[Collected data]

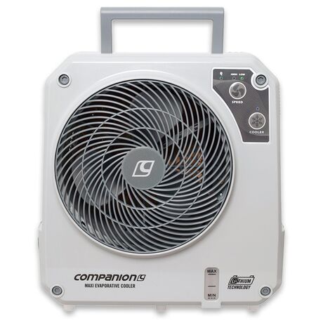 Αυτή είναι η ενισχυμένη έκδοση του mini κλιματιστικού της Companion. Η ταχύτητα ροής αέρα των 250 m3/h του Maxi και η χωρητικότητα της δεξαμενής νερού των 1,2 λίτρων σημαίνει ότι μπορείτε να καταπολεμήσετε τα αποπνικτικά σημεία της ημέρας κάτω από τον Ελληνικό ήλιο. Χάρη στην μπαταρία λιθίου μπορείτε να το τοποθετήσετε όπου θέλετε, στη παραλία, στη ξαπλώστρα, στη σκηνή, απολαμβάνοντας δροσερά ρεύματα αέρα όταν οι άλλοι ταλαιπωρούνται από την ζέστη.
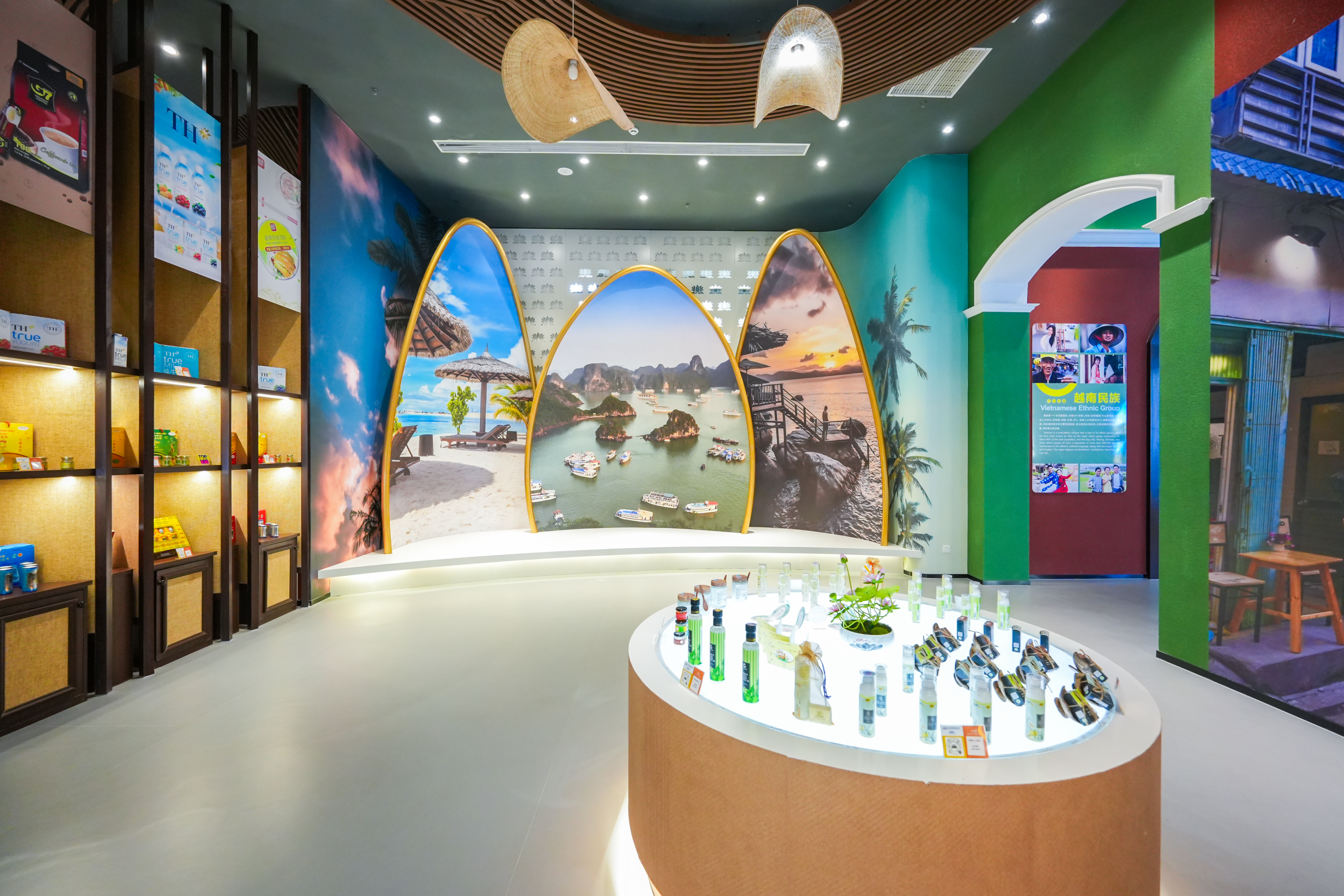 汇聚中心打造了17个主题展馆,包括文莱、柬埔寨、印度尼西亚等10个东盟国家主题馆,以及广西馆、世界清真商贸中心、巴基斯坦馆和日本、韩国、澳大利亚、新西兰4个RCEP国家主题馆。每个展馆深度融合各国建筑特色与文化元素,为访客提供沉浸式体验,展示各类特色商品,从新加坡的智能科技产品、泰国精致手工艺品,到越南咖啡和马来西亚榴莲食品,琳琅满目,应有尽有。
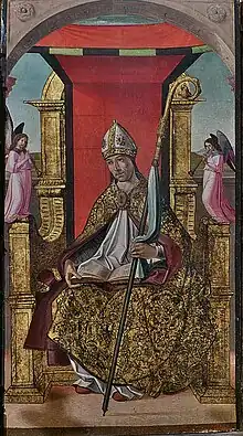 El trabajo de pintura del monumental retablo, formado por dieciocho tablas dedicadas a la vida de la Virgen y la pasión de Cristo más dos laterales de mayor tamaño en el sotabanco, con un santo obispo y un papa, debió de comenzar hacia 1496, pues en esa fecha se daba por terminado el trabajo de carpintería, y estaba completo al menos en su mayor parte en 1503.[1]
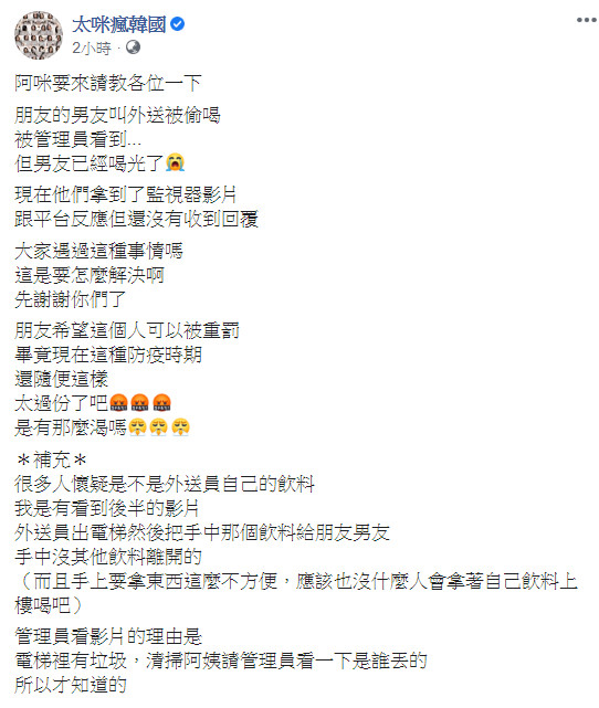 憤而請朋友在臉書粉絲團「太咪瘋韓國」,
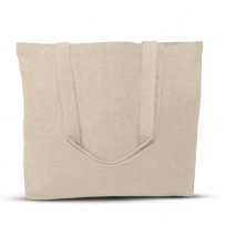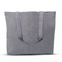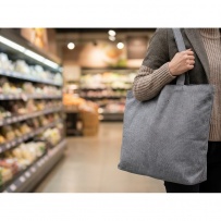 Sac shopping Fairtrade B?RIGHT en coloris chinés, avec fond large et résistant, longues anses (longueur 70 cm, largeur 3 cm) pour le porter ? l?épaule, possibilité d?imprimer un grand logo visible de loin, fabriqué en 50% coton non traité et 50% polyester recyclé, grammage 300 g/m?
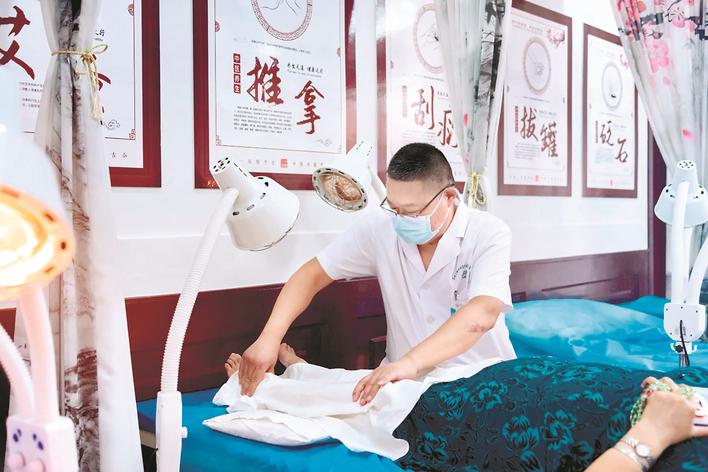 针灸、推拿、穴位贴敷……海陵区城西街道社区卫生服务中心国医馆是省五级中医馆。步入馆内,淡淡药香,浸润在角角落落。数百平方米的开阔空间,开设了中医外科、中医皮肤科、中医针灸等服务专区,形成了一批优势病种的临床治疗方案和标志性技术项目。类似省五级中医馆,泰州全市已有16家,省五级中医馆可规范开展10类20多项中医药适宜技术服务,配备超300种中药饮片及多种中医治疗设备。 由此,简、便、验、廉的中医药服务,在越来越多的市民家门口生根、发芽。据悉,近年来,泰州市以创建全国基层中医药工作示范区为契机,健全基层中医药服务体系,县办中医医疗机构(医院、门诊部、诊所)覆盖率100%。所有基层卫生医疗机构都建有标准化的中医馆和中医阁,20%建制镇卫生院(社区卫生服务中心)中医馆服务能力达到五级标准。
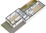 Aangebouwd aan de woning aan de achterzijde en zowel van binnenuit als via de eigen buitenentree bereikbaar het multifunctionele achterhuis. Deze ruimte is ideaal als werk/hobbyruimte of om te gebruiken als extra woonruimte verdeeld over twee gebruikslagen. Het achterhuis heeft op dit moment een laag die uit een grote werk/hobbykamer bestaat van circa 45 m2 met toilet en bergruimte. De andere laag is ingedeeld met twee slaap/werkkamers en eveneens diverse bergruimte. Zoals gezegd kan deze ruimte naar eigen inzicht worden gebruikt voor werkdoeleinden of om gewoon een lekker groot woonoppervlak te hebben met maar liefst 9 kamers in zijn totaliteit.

**Your instructions**
Extract all the data above exactly, excluding every picture.

**Answer below**
 Αυτή είναι η ενισχυμένη έκδοση του mini κλιματιστικού της Companion. Η ταχύτητα ροής αέρα των 250 m3/h του Maxi και η χωρητικότητα της δεξαμενής νερού των 1,2 λίτρων σημαίνει ότι μπορείτε να καταπολεμήσετε τα αποπνικτικά σημεία της ημέρας κάτω από τον Ελληνικό ήλιο. Χάρη στην μπαταρία λιθίου μπορείτε να το τοποθετήσετε όπου θέλετε, στη παραλία, στη ξαπλώστρα, στη σκηνή, απολαμβάνοντας δροσερά ρεύματα αέρα όταν οι άλλοι ταλαιπωρούνται από την ζέστη.
 汇聚中心打造了17个主题展馆,包括文莱、柬埔寨、印度尼西亚等10个东盟国家主题馆,以及广西馆、世界清真商贸中心、巴基斯坦馆和日本、韩国、澳大利亚、新西兰4个RCEP国家主题馆。每个展馆深度融合各国建筑特色与文化元素,为访客提供沉浸式体验,展示各类特色商品,从新加坡的智能科技产品、泰国精致手工艺品,到越南咖啡和马来西亚榴莲食品,琳琅满目,应有尽有。
 El trabajo de pintura del monumental retablo, formado por dieciocho tablas dedicadas a la vida de la Virgen y la pasión de Cristo más dos laterales de mayor tamaño en el sotabanco, con un santo obispo y un papa, debió de comenzar hacia 1496, pues en esa fecha se daba por terminado el trabajo de carpintería, y estaba completo al menos en su mayor parte en 1503.[1]
 憤而請朋友在臉書粉絲團「太咪瘋韓國」,
 Sac shopping Fairtrade B?RIGHT en coloris chinés, avec fond large et résistant, longues anses (longueur 70 cm, largeur 3 cm) pour le porter ? l?épaule, possibilité d?imprimer un grand logo visible de loin, fabriqué en 50% coton non traité et 50% polyester recyclé, grammage 300 g/m?
 针灸、推拿、穴位贴敷……海陵区城西街道社区卫生服务中心国医馆是省五级中医馆。步入馆内,淡淡药香,浸润在角角落落。数百平方米的开阔空间,开设了中医外科、中医皮肤科、中医针灸等服务专区,形成了一批优势病种的临床治疗方案和标志性技术项目。类似省五级中医馆,泰州全市已有16家,省五级中医馆可规范开展10类20多项中医药适宜技术服务,配备超300种中药饮片及多种中医治疗设备。 由此,简、便、验、廉的中医药服务,在越来越多的市民家门口生根、发芽。据悉,近年来,泰州市以创建全国基层中医药工作示范区为契机,健全基层中医药服务体系,县办中医医疗机构(医院、门诊部、诊所)覆盖率100%。所有基层卫生医疗机构都建有标准化的中医馆和中医阁,20%建制镇卫生院(社区卫生服务中心)中医馆服务能力达到五级标准。
 Aangebouwd aan de woning aan de achterzijde en zowel van binnenuit als via de eigen buitenentree bereikbaar het multifunctionele achterhuis. Deze ruimte is ideaal als werk/hobbyruimte of om te gebruiken als extra woonruimte verdeeld over twee gebruikslagen. Het achterhuis heeft op dit moment een laag die uit een grote werk/hobbykamer bestaat van circa 45 m2 met toilet en bergruimte. De andere laag is ingedeeld met twee slaap/werkkamers en eveneens diverse bergruimte. Zoals gezegd kan deze ruimte naar eigen inzicht worden gebruikt voor werkdoeleinden of om gewoon een lekker groot woonoppervlak te hebben met maar liefst 9 kamers in zijn totaliteit.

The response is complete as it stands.